A compressor’s release time decides how quickly the gain recovers after a peak — and if that recovery lands on the beat, the compression locks into the groove instead of fighting it. This tool converts your tempo into musically-aligned attack and release times for transparent dynamics or deliberate sidechain pumping.
How it works
The whole table is built on the quarter-note duration at your tempo:
quarter note (ms) = 60000 / BPM
From there, common note values are simple multiples and fractions:
1 bar (4/4) = quarter x 4
half note = quarter x 2
quarter note = quarter x 1
eighth note = quarter / 2
16th note = quarter / 4
32nd note = quarter / 8
Dotted and triplet variants follow the usual x1.5 and x0.6667 rules.
Choosing release
Set the release to the note value at which you want the gain fully recovered:
- Bus / glue compression: quarter or eighth note — the mix breathes once per beat.

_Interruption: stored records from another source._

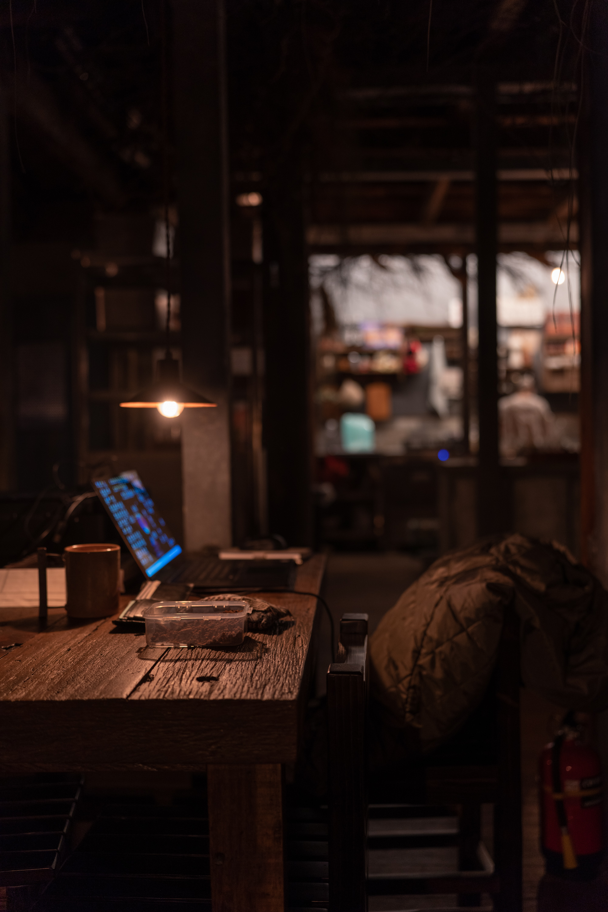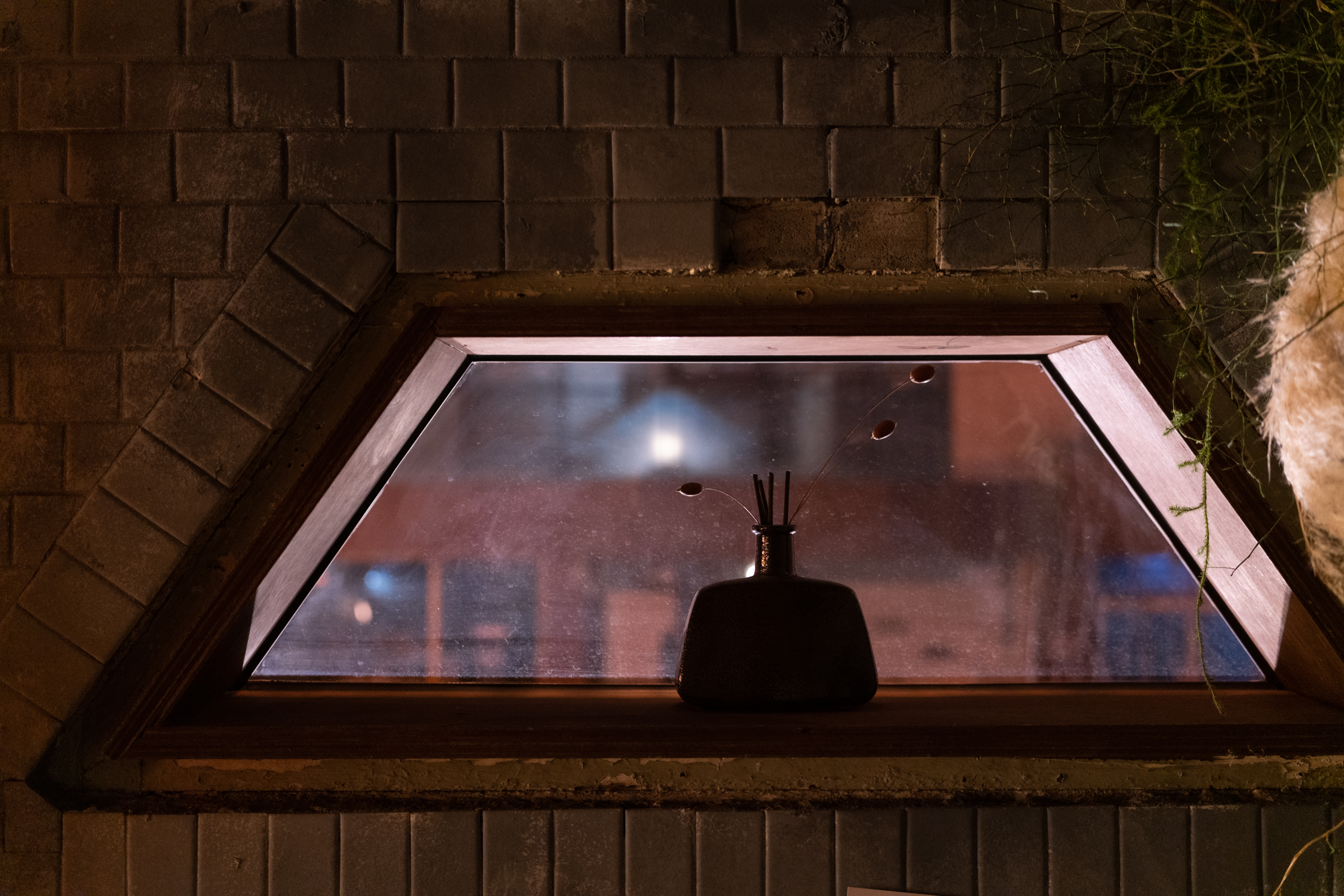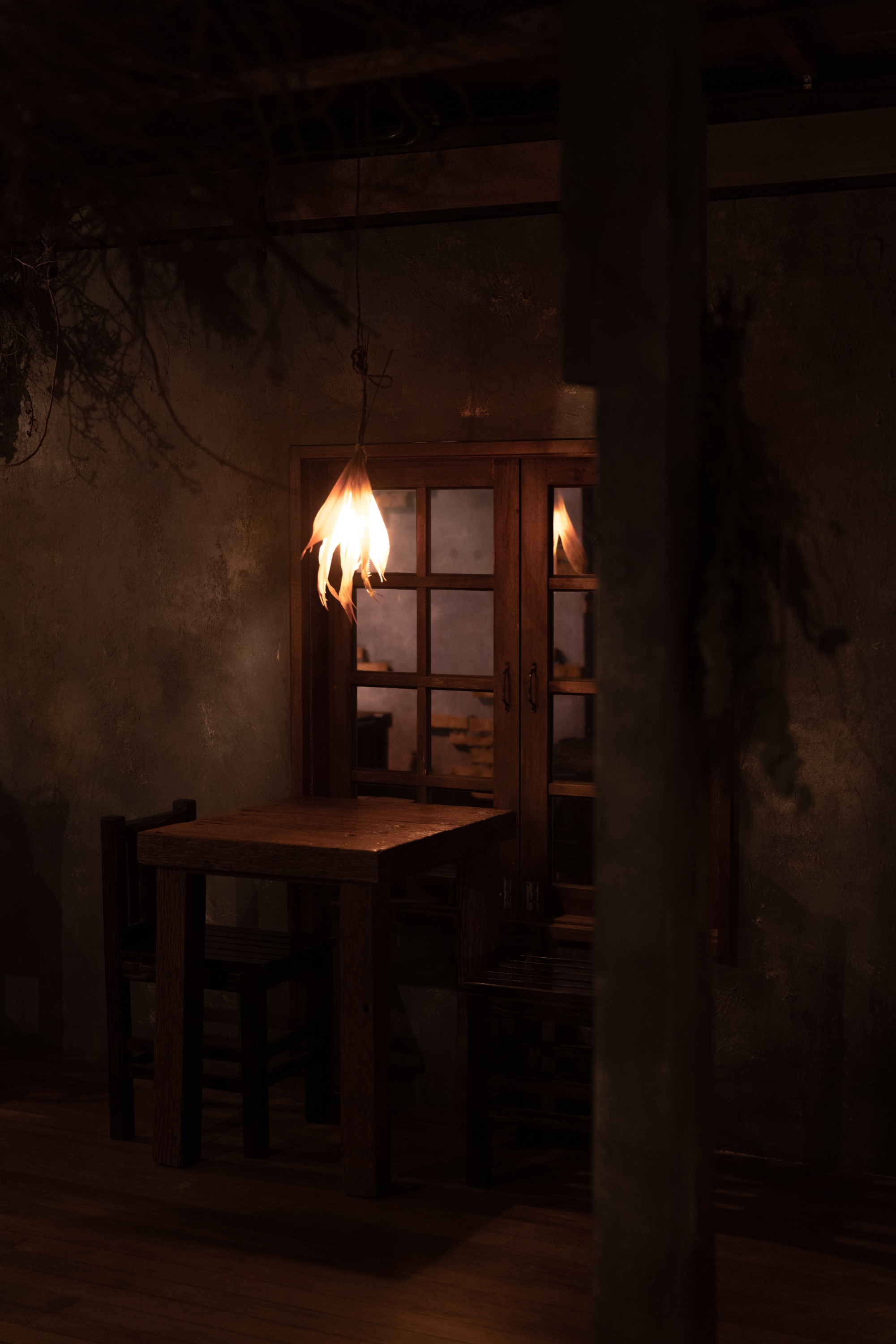 낡은 파란색 2층 집을 연출한 건물 외관이 골목길 속에서 단연 눈에 띕니다. 저는 밤에 방문해서 어둠에 가린 모습밖에 못 봤는데, 밝을 때 보면 더 그럴듯 할 것 같습니다. 내부 인테리어 역시 바깥에서 상상했던 대로 낡은 집을 연상시킵니다. 조명이 어둑어둑하고 낡은 나무 테이블이 있습니다.
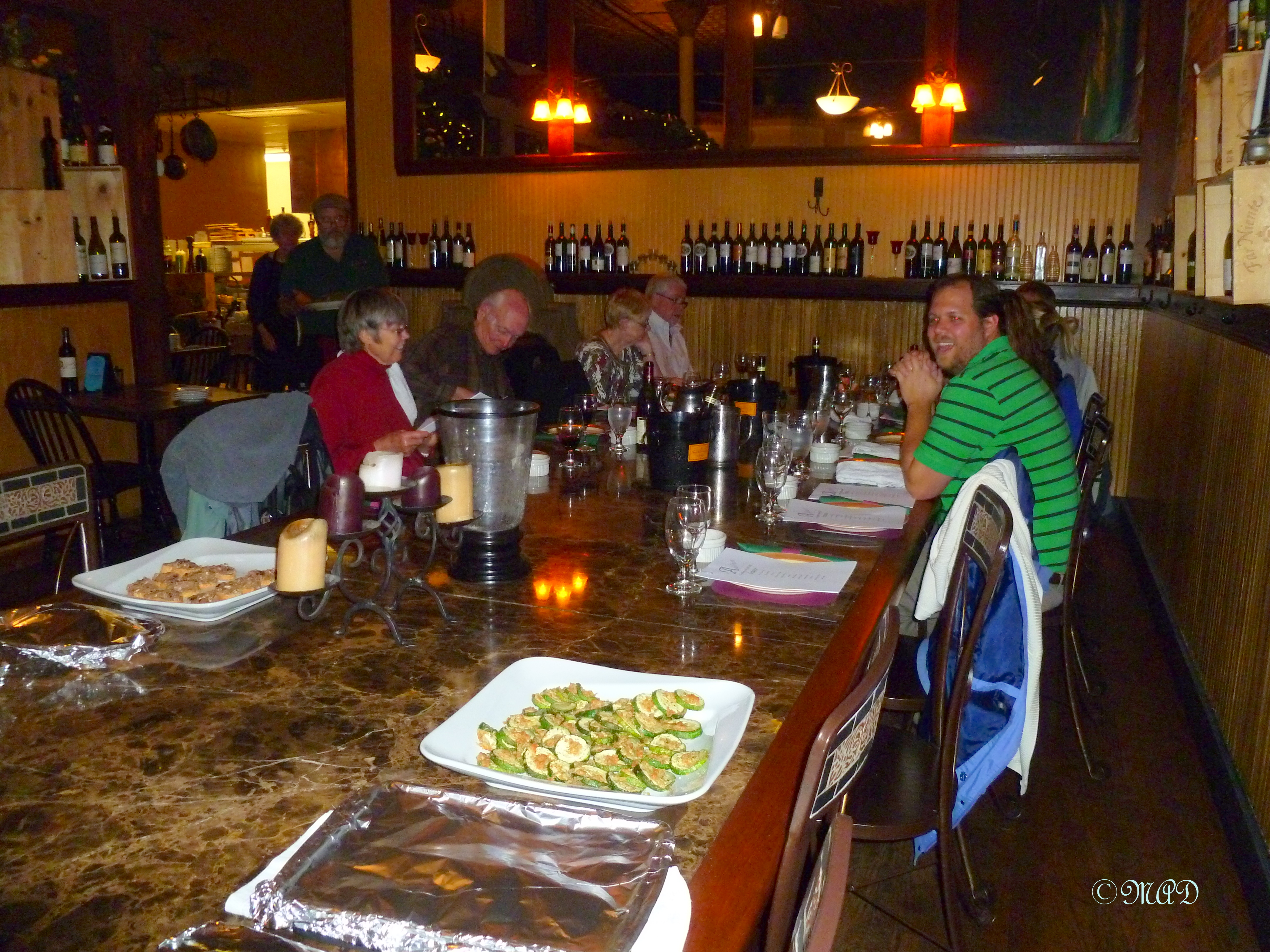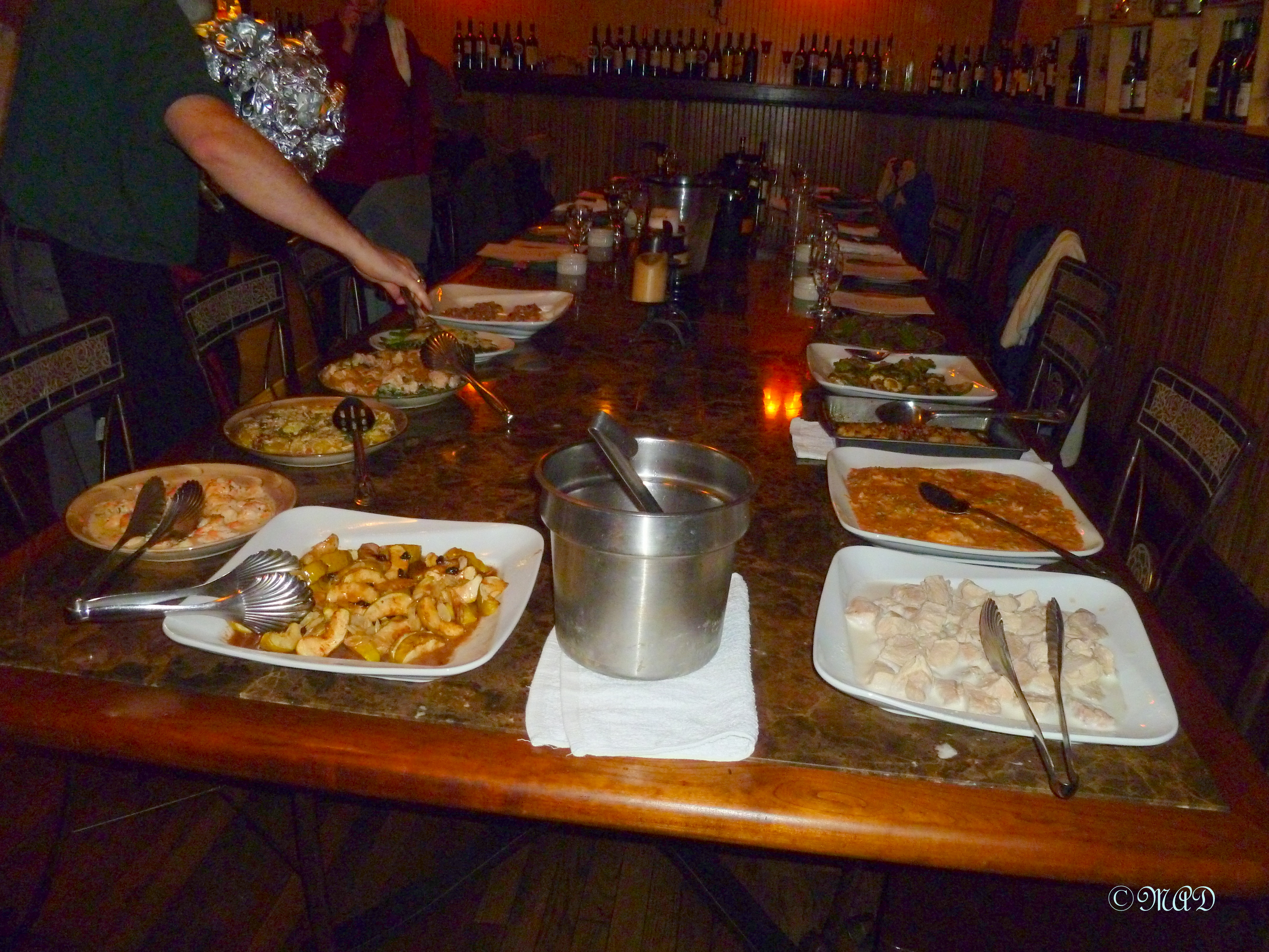 Adelino’s is a Spanish Tapas style restaurant and has been a huge success with the University students who live nearby.  I have eaten there before several times and always had delicious food.  They also have a dinner theatre that they present and a mystery dinner theater, jazz nights and wine tastings.  One time I went here with my daughter for a birthday night, when the cast was rehearsing their dinner theatre play and they sort of included us in the rehearsal, serenading us with an Irish happy birthday.  It was great fun!  The chef told us that he is putting on a special play for the holidays, which he has been writing himself.  I’ve noticed on their website that they have many Cooking With the Chef nights lined up for 2014 and I’m excited about giving several of them a try.  Some of the fellow participants with me were repeat cookers.  One couple said it was their 9th visit.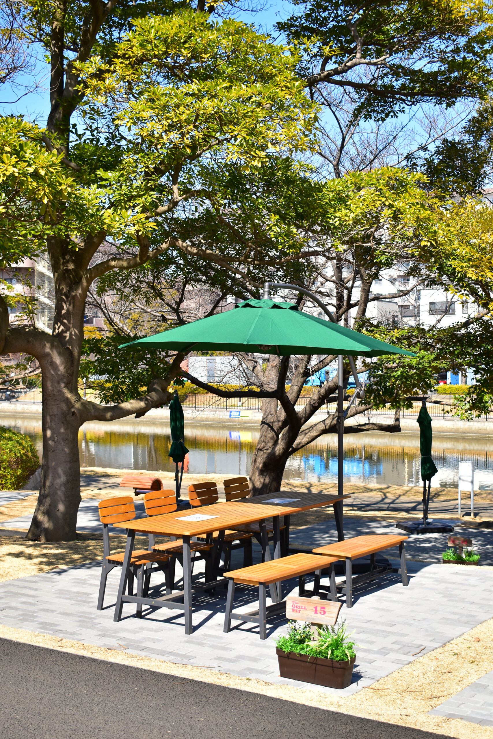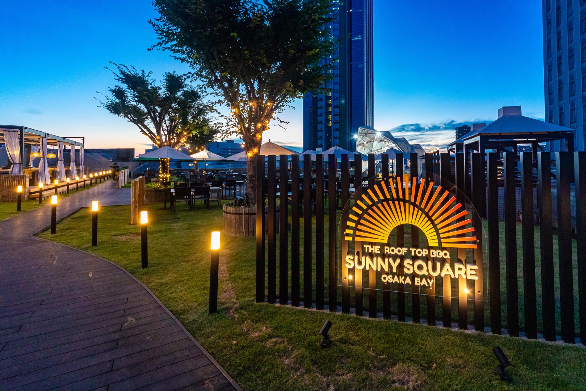 商業施設に併設された快適なBBQスペース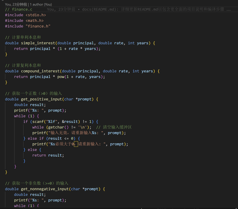 v3循环菜单版引入do-while菜单和函数封装,支持多次计算并统计次数;进阶模块化版本将金融计算(单利、复利)与输入验证分离为独立函数,通过头文件/源文件组织,并编译为静态库供主程序调用。各版本均提供友好的命令行交互和详细注释。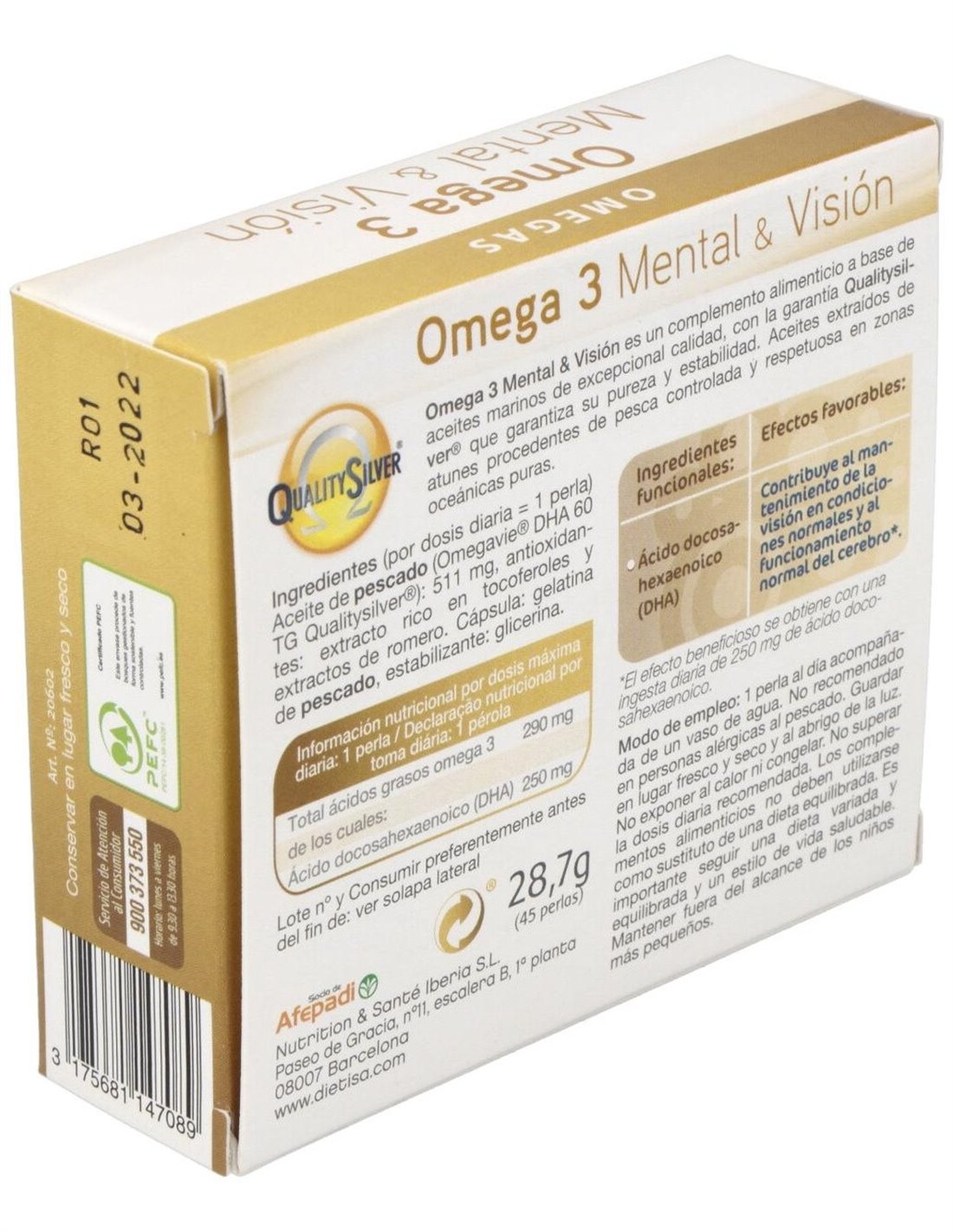 Dietisa omega 3 mental & visión es un complemento alimenticio que contribuye al mantenimiento de la visión en condiciones normales. Gracias a su formulación ayuda a mantener el funcionamiento del cerebro.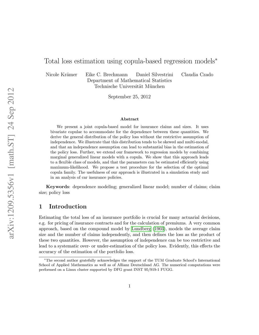 Total loss estimation using copula-based regression models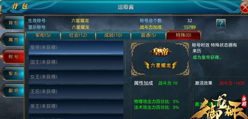 御龙在天特殊称号的分类与属性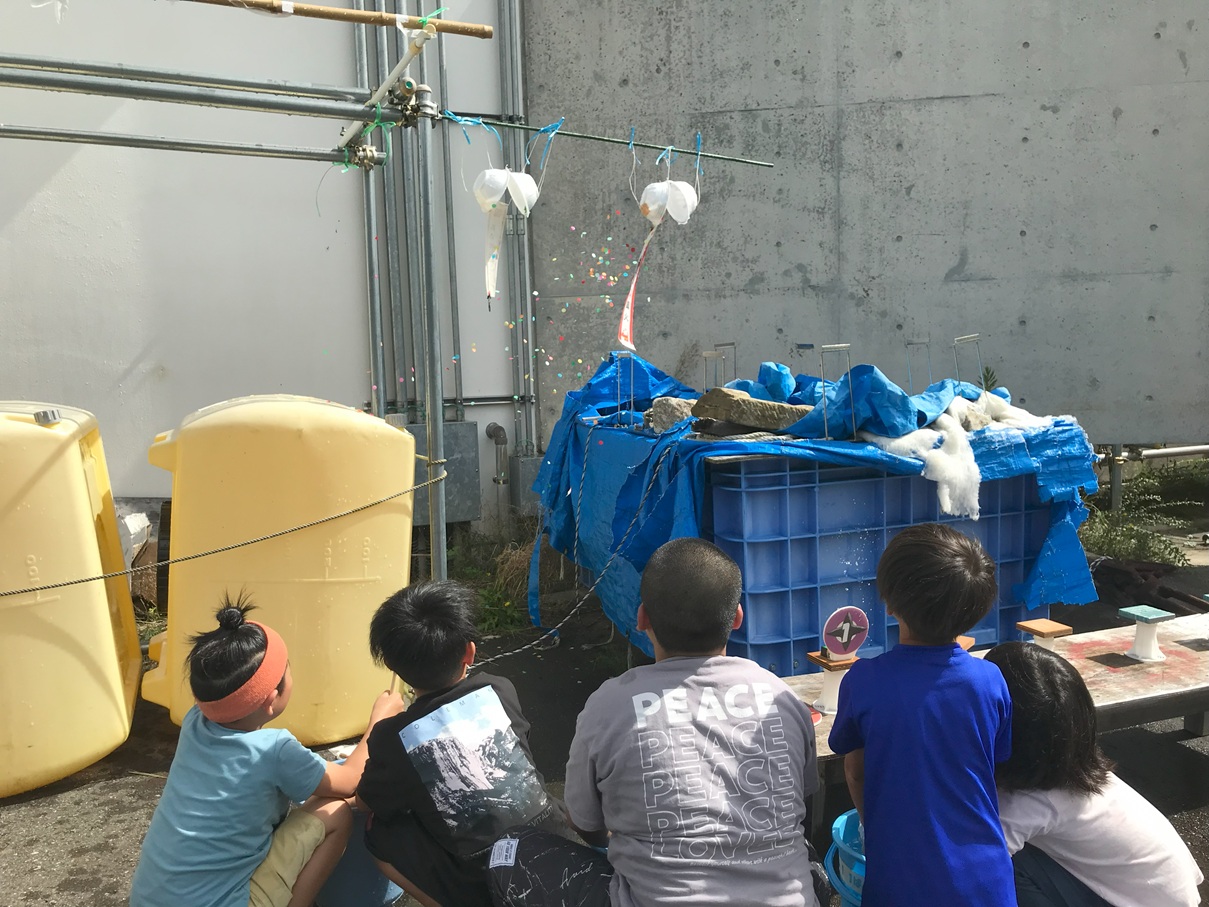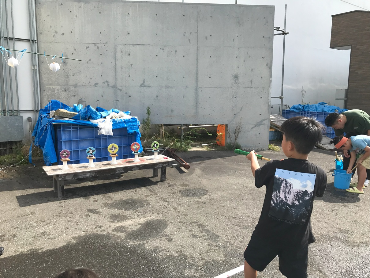 遠くまで水を飛ばす競争や、的当て、くす玉当てなどみんなで楽しく遊びました。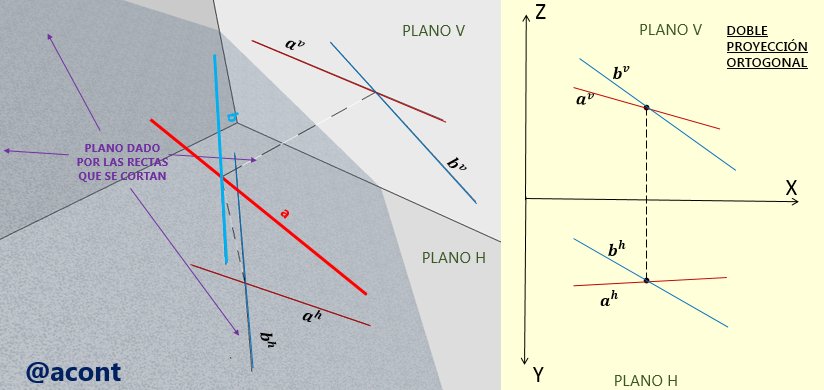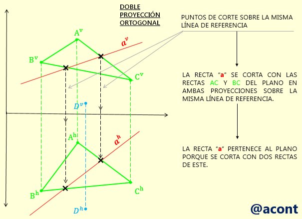 De las condiciones anteriores, sabemos que, si dos rectas se encuentran sobre el mismo plano, ambas deben de cortarse en algún punto para que sean coplanares. Entonces, para confirmar si la recta “a” se encuentra dentro del plano dado, esta debe de cortarse con mínimo dos rectas de este. De esta manera, en la DPO observamos que el punto de corte de la recta “a” con las rectas del plano se encuentra sobre la misma línea de referencia vertical, por lo que la recta “a” efectivamente se corta con dos rectas de dicho plano (Fig. N°6). Recordemos de la Parte III de esta serie de publicaciones que, si dos rectas no se cortan, el punto de corte en ambas proyecciones de la DPO no se encuentra sobre la misma línea de referencia vertical.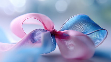 A beautiful pink and blue sheer ribbon bow set against a soft bokeh background, perfect for crafts, decorations, and enhancing romantic themes in any project.

- Sidechain pumping: quarter or eighth note synced to the kick — level dips on each hit and swells back just in time.
- Transparent control: shorter values (16th) so recovery is fast and unobtrusive.
Choosing attack
Attack is judged by ear, not tempo, but the guideline is simple: a fast attack (1 to 10 ms) tames transients and tightens; a slow attack (20 to 50 ms) lets the transient punch through first, keeping drums and plucks lively.
Worked example
At 128 BPM, a quarter note is 60000 / 128 = 468.75 ms. An eighth-note release of about 234 ms gives a tight sidechain pump that recovers just before each off-beat; a quarter-note release of 469 ms gives a slower, deeper pump that breathes once per beat.
All timings are computed locally in your browser.